Using the data below, return the stretch from the line that contains "Čepice je zhotovena" through the line that contains "Etiketler: Astral Ekonomik", both included, exactly as it stands and nothing beyond it.

+ + +

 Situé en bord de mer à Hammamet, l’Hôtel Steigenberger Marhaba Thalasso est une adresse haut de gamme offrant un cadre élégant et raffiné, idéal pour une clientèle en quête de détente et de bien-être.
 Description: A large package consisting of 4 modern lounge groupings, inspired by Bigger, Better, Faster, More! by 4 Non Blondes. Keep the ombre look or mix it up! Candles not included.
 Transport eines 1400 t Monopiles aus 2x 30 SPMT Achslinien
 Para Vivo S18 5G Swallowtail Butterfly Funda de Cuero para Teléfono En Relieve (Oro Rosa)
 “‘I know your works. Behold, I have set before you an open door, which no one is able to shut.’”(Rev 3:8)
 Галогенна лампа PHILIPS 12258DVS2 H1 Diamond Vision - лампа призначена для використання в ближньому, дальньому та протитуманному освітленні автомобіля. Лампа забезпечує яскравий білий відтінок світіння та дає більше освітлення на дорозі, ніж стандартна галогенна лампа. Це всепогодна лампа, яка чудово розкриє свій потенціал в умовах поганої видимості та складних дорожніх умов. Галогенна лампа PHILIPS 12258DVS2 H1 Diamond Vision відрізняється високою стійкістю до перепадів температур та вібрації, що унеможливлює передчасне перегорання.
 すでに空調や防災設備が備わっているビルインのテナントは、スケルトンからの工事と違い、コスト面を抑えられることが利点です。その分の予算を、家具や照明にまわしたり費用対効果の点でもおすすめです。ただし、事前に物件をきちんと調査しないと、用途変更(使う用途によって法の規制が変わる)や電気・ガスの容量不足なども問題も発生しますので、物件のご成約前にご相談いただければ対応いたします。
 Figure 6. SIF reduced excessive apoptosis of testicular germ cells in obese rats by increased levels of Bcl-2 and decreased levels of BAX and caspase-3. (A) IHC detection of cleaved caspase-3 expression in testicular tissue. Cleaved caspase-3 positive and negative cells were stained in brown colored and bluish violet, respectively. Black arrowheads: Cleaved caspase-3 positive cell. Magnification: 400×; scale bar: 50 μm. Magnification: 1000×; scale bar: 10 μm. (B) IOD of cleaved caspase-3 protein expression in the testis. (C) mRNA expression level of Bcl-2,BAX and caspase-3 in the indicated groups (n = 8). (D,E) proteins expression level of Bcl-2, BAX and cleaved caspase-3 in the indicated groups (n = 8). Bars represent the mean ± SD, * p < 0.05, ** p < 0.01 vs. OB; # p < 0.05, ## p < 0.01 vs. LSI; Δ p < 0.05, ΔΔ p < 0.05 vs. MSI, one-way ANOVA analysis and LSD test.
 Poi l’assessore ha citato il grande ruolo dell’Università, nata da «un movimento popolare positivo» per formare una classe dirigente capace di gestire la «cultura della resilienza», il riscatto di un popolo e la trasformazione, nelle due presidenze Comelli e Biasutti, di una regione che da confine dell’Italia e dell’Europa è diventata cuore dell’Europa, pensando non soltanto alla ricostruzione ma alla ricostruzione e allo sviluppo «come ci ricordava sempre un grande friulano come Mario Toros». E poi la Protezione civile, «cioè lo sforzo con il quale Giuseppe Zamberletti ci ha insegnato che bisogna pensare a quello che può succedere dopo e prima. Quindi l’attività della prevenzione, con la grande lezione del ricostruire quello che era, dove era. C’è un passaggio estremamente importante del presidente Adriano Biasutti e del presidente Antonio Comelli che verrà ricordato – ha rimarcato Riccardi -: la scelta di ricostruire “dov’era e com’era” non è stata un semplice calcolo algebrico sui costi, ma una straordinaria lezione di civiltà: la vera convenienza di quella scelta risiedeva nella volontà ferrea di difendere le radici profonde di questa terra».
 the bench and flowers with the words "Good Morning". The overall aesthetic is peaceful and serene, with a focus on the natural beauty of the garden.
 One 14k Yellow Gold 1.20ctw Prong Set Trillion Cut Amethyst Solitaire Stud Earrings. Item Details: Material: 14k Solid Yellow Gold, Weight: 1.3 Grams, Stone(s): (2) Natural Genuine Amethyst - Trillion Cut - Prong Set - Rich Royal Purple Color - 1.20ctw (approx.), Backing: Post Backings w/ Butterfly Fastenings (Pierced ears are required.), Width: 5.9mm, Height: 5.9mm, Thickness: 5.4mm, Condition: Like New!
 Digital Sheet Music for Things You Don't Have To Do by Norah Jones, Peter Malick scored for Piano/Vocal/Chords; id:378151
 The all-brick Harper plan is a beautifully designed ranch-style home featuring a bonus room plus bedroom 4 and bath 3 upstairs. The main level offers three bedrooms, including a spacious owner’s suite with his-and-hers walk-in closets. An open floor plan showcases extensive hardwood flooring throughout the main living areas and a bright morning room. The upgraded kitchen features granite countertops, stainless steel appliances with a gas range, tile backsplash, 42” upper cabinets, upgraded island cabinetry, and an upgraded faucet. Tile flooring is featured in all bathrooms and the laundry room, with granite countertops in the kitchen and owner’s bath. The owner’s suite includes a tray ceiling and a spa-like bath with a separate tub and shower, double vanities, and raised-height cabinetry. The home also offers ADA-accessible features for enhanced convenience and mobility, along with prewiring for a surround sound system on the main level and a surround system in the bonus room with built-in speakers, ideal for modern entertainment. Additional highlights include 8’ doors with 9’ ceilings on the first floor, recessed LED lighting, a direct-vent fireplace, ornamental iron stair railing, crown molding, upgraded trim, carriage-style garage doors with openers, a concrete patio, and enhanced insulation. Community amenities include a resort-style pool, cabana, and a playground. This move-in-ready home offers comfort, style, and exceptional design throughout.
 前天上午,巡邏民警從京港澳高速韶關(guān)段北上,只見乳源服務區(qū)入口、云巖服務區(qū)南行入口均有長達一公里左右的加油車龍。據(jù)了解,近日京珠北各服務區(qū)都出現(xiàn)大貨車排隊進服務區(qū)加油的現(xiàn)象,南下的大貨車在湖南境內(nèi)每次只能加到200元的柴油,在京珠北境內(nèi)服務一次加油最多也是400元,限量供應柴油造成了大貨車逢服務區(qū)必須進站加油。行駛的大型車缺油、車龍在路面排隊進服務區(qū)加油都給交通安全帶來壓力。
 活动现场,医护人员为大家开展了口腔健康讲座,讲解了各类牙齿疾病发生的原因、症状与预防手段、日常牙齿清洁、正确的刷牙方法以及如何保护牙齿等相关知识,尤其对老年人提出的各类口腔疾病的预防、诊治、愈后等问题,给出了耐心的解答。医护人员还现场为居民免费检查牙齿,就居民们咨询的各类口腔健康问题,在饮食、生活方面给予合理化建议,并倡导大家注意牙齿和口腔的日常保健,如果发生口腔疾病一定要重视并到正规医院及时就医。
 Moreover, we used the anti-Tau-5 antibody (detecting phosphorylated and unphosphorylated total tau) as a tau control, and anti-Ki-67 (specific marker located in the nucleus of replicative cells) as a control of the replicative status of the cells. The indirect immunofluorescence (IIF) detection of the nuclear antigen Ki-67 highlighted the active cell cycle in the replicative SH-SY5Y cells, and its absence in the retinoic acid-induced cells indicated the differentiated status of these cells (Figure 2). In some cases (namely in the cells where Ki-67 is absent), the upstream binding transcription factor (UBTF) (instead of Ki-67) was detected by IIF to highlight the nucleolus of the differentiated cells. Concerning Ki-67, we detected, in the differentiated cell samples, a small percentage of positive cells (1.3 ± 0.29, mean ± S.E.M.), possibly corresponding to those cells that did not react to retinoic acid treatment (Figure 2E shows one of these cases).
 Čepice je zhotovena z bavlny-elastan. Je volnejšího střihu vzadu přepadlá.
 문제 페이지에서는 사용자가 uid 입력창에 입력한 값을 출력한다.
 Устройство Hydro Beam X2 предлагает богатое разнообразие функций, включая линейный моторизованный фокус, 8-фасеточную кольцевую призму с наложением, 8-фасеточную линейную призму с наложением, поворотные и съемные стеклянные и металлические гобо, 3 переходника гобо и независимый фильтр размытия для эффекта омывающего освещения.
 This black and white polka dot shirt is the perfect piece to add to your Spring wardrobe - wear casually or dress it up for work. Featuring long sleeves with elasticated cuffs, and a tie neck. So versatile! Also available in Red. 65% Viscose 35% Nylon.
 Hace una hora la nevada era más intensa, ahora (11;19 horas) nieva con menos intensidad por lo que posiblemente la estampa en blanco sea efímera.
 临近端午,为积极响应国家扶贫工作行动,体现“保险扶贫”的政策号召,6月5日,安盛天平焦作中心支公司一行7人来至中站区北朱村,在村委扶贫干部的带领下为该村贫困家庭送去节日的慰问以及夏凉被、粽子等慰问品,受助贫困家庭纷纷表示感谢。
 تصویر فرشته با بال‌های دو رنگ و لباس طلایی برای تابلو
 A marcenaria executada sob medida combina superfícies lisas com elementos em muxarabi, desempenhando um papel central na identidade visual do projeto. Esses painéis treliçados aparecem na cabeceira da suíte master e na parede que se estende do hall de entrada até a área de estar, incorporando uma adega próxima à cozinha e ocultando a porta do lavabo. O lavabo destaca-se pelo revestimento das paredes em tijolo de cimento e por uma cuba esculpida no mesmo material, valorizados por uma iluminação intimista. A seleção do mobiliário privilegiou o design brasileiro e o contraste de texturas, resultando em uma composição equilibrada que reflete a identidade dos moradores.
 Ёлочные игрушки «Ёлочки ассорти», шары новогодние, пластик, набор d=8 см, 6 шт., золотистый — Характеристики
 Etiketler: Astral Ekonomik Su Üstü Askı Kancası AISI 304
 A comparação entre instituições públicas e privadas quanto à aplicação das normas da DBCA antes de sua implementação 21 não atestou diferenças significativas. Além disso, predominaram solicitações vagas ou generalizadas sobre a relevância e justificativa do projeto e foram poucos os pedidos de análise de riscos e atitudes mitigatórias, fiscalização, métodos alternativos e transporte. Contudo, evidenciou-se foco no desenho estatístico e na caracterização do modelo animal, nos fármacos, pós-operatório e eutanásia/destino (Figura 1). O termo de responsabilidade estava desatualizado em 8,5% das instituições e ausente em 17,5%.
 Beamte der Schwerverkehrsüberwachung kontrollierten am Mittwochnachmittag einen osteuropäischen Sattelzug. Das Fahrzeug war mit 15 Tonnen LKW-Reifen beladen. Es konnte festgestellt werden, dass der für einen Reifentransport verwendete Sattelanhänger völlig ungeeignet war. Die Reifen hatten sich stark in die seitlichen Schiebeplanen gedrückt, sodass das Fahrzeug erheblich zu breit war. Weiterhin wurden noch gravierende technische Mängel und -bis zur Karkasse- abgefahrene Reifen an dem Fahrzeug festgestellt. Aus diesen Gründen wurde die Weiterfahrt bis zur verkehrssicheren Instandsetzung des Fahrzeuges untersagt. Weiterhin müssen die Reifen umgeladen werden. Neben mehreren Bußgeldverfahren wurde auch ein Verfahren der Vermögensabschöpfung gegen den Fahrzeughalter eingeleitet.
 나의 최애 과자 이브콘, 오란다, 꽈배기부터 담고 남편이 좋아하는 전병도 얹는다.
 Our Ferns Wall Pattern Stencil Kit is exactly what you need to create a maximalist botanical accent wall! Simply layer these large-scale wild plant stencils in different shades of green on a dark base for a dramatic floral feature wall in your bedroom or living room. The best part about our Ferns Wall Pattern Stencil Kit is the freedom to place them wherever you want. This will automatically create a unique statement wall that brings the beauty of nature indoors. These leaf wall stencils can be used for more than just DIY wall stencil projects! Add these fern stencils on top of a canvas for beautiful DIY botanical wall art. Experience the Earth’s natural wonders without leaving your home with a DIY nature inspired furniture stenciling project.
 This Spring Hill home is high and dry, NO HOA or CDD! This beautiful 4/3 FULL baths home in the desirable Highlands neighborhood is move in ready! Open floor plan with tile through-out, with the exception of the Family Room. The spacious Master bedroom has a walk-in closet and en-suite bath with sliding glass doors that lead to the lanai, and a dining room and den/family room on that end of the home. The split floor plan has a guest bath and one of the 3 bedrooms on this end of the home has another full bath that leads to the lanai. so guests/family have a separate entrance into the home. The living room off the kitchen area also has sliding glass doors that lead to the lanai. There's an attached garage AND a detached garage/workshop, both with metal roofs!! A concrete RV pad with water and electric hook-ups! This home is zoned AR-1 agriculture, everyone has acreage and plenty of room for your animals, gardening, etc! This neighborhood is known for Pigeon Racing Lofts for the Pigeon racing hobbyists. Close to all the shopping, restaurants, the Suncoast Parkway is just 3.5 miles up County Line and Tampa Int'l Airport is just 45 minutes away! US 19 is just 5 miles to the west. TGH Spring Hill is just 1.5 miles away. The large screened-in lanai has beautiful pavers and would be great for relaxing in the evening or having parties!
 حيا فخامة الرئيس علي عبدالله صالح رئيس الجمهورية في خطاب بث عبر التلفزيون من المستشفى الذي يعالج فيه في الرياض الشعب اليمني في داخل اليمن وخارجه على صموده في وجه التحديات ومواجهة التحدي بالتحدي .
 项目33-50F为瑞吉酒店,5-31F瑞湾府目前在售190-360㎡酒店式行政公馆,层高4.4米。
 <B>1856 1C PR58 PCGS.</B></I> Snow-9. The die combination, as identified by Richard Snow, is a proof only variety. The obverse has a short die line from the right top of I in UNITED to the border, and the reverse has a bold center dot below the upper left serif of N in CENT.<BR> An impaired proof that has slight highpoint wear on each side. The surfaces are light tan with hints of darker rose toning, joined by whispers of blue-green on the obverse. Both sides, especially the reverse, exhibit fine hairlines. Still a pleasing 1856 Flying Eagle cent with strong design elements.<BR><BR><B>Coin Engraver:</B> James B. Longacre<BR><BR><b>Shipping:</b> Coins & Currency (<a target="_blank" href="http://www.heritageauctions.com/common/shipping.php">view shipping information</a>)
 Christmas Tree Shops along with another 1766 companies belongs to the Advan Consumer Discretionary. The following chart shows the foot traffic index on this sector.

+ + +

Finished exercise »
 Čepice je zhotovena z bavlny-elastan. Je volnejšího střihu vzadu přepadlá.
 문제 페이지에서는 사용자가 uid 입력창에 입력한 값을 출력한다.
 Устройство Hydro Beam X2 предлагает богатое разнообразие функций, включая линейный моторизованный фокус, 8-фасеточную кольцевую призму с наложением, 8-фасеточную линейную призму с наложением, поворотные и съемные стеклянные и металлические гобо, 3 переходника гобо и независимый фильтр размытия для эффекта омывающего освещения.
 This black and white polka dot shirt is the perfect piece to add to your Spring wardrobe - wear casually or dress it up for work. Featuring long sleeves with elasticated cuffs, and a tie neck. So versatile! Also available in Red. 65% Viscose 35% Nylon.
 Hace una hora la nevada era más intensa, ahora (11;19 horas) nieva con menos intensidad por lo que posiblemente la estampa en blanco sea efímera.
 临近端午,为积极响应国家扶贫工作行动,体现“保险扶贫”的政策号召,6月5日,安盛天平焦作中心支公司一行7人来至中站区北朱村,在村委扶贫干部的带领下为该村贫困家庭送去节日的慰问以及夏凉被、粽子等慰问品,受助贫困家庭纷纷表示感谢。
 تصویر فرشته با بال‌های دو رنگ و لباس طلایی برای تابلو
 A marcenaria executada sob medida combina superfícies lisas com elementos em muxarabi, desempenhando um papel central na identidade visual do projeto. Esses painéis treliçados aparecem na cabeceira da suíte master e na parede que se estende do hall de entrada até a área de estar, incorporando uma adega próxima à cozinha e ocultando a porta do lavabo. O lavabo destaca-se pelo revestimento das paredes em tijolo de cimento e por uma cuba esculpida no mesmo material, valorizados por uma iluminação intimista. A seleção do mobiliário privilegiou o design brasileiro e o contraste de texturas, resultando em uma composição equilibrada que reflete a identidade dos moradores.
 Ёлочные игрушки «Ёлочки ассорти», шары новогодние, пластик, набор d=8 см, 6 шт., золотистый — Характеристики
 Etiketler: Astral Ekonomik Su Üstü Askı Kancası AISI 304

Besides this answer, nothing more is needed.